SNPs from TMCO1, CAV1/CAV2, CDKN2B-AS1 and SIX1/SIX6 were then genotyped using TaqMan allelic discrimination assays at Duke University. These SNPs were selected because they have been evaluated in two other populations of African Ancestry40. Assay-On-Demand products were used with the ViiA7 Realtime PCR system with 384-well block according to the standard protocols of the manufacturer (Applied Biosystems, Foster City, CA). The fluorescent signal intensity was measured directly in the reaction well by the ABI ViiA7 Sequence Detector (Applied Biosystems). For quality control purposes samples from two individuals were duplicated across all plates and two CEPH (the Centre d'Etude du Polymorphisme Humain, Foundation Jean Dausset, Paris, France) standards were included in each 96- well plate. Genotyping efficiency of at least 95% and matching genotypes of quality-control samples within and across all plates was required for inclusion in the statistical analysis.

Statistical analysis

Power calculations were performed using Quanto Version 1.2. A ‘log-additive’ mode of inheritance was assumed.

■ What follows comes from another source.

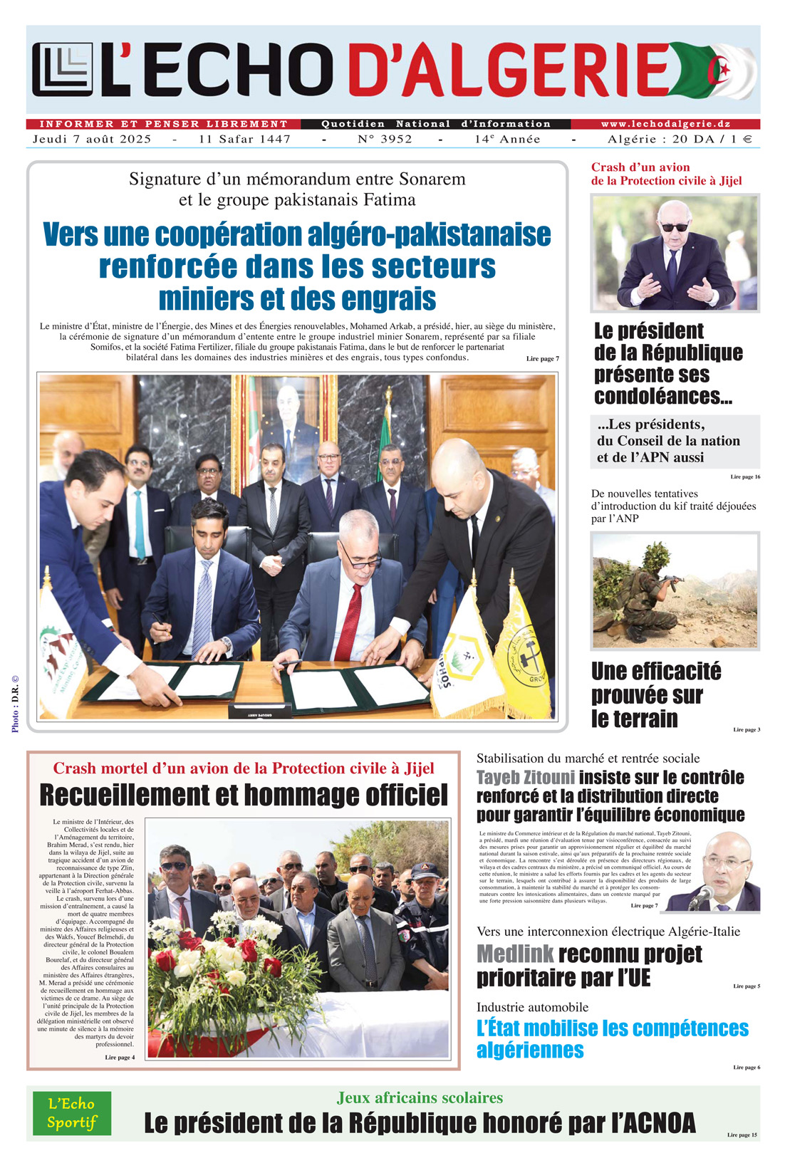 L’Echo d’Algérie, Quotidien National d’Information édité par Echo Médias Algérie Sarl, venu enrichir la presse écrite, jeune par son âge certes mais en réalité c’est le prolongement d’un idéal, d’un combat, d’un rêve.

The Odds Ratio (OR) that could be detected 80% of the time with 95% confidence in an unmatched case-control study of genetic association in POAG in South Africa (assuming a disease prevalence of 2.8%) in 215 cases and controls was calculated for population disease allele frequencies ranging from 0.01 to 0.99. This study is adequately powered to detect odds ratios of 0.6 or less and 1.5 or more when the frequencies of the disease alleles in the population are between 0.2 and 0.7. Where the population disease allele frequencies are greater or less than this, this sample size is only powered to detect more significant odds ratios.

Descriptive statistical analyses were performed using STATA version 12. To describe the demographic characteristics, we used mean ± standard deviation (SD) for continuous variables and we summarized categorical variables by percentages. For comparisons of continuous variables, we used the t-test with p values that were two-tailed with significance set at p < 0.05. For comparisons of categorical variables we used Fisher's exact test or χ2 analysis. P values < 0.05 were considered to be significant. For the analysis of continuous traits present in both eyes (CCT and VCDR), we used the average value of the two eyes or the value of only one eye where the fellow eye could not be measured or, in POAG participants, if the fellow eye was untreated (in unilateral glaucoma or blindness). To adjust for the confounding variables of age and gender we used a logistic regression model with age and gender as covariates. An adjusted p value was considered significant if p < 0.05.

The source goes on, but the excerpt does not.